Instructions for the task: Once the line containing "保健協議会の手品,老人クラブ" is found in the entries below, restate it and each following line word for word, stopping after the line containing "中元 準平さんの天格は8画の4点!".

Source information:
◇ ◇ ◇
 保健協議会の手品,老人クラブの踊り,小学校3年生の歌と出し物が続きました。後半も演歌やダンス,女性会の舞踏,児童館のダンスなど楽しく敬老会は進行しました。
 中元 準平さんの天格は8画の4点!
◇ ◇ ◇
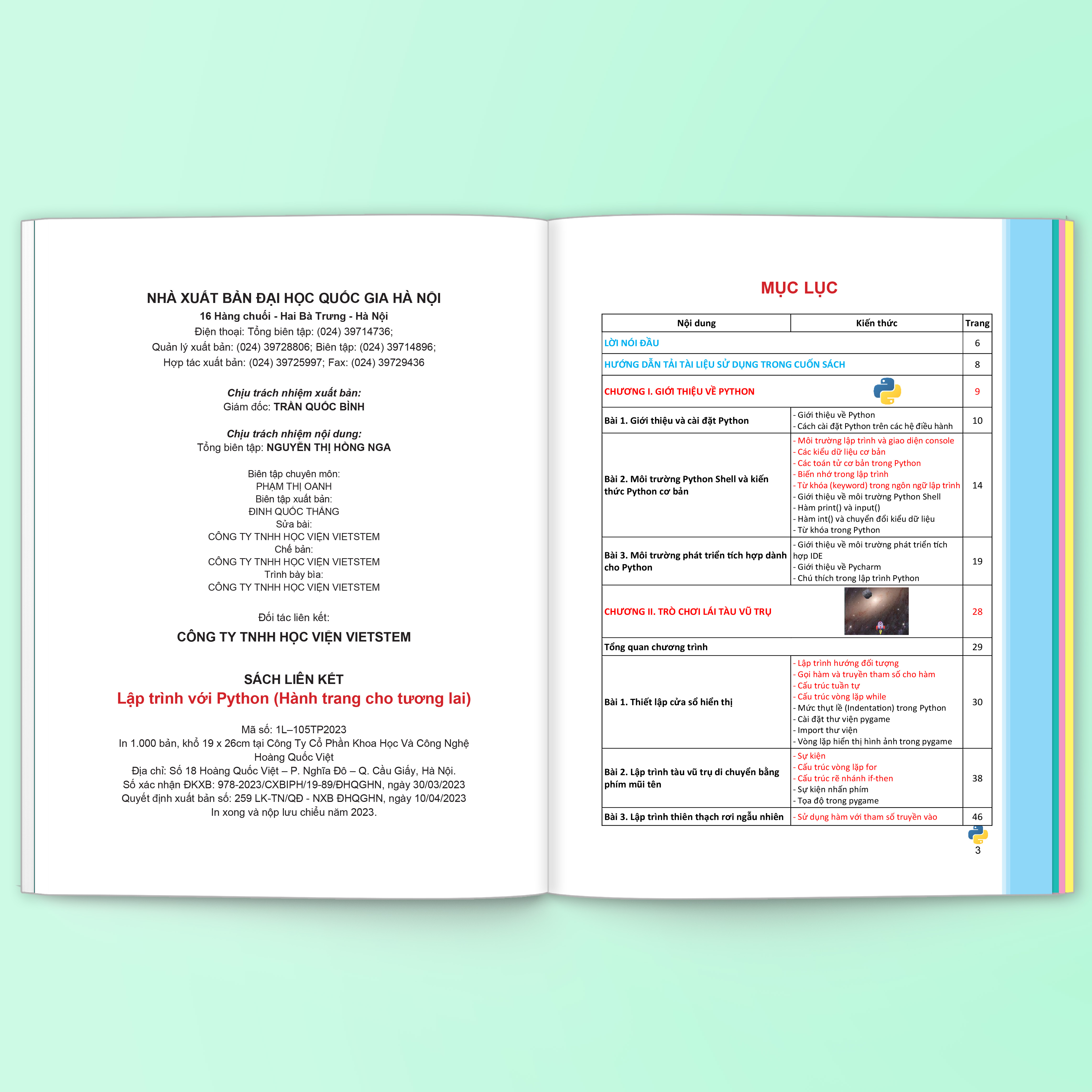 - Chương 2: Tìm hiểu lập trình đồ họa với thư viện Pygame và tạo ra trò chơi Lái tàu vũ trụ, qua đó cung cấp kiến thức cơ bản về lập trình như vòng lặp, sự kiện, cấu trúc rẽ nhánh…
◇ ◇ ◇
Written response:
 保健協議会の手品,老人クラブの踊り,小学校3年生の歌と出し物が続きました。後半も演歌やダンス,女性会の舞踏,児童館のダンスなど楽しく敬老会は進行しました。
 中元 準平さんの天格は8画の4点!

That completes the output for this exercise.